▸ What you need to do: Copy every line of the records below where the word "potato" occurs.

▸ Provided entries:
Start of Block
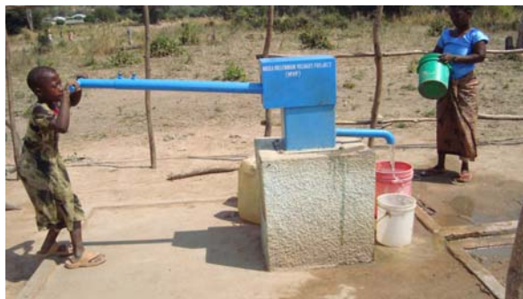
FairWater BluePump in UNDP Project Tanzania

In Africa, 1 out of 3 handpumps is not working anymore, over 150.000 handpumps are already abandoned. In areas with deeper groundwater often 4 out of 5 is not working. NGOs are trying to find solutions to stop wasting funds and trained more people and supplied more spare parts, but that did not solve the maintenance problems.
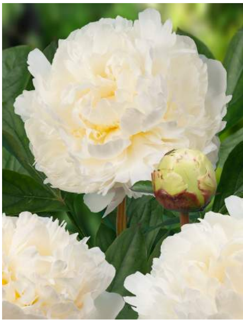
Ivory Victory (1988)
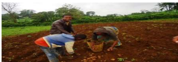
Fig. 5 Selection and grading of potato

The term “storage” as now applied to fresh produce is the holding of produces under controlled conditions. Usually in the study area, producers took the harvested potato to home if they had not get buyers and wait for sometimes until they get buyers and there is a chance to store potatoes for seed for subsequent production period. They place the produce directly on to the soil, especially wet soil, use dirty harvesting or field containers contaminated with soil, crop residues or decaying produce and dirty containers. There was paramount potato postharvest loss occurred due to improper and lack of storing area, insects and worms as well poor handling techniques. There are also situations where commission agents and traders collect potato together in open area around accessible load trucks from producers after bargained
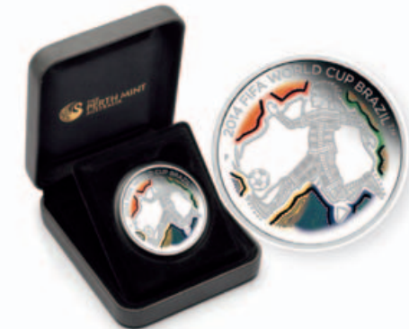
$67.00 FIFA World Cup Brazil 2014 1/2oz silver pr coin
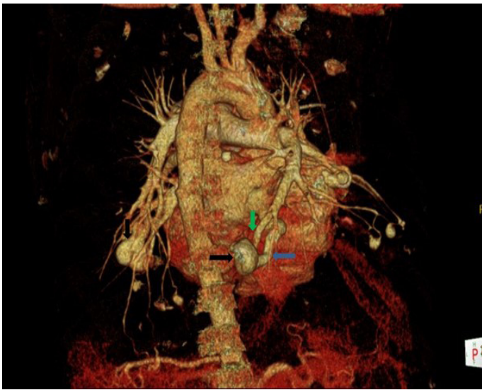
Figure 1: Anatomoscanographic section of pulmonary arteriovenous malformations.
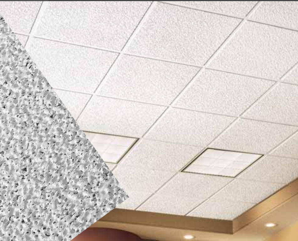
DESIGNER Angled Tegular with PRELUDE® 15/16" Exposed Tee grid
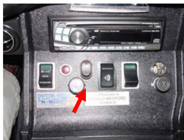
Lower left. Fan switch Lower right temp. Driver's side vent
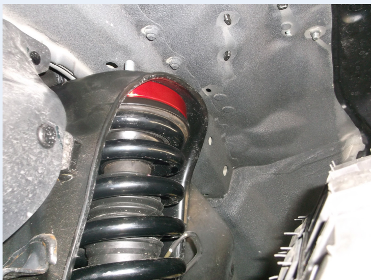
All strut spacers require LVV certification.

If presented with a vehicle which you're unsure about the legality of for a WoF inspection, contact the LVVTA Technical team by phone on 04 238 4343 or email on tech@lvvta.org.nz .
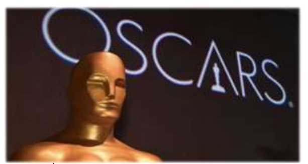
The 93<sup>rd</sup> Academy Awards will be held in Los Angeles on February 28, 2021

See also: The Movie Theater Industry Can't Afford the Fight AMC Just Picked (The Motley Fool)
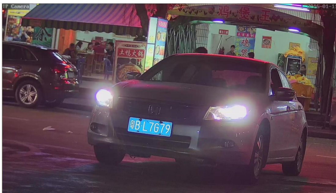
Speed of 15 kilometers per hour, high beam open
End of Block
▸ Reply to the task:
Fig. 5 Selection and grading of potato
The term “storage” as now applied to fresh produce is the holding of produces under controlled conditions. Usually in the study area, producers took the harvested potato to home if they had not get buyers and wait for sometimes until they get buyers and there is a chance to store potatoes for seed for subsequent production period. They place the produce directly on to the soil, especially wet soil, use dirty harvesting or field containers contaminated with soil, crop residues or decaying produce and dirty containers. There was paramount potato postharvest loss occurred due to improper and lack of storing area, insects and worms as well poor handling techniques. There are also situations where commission agents and traders collect potato together in open area around accessible load trucks from producers after bargained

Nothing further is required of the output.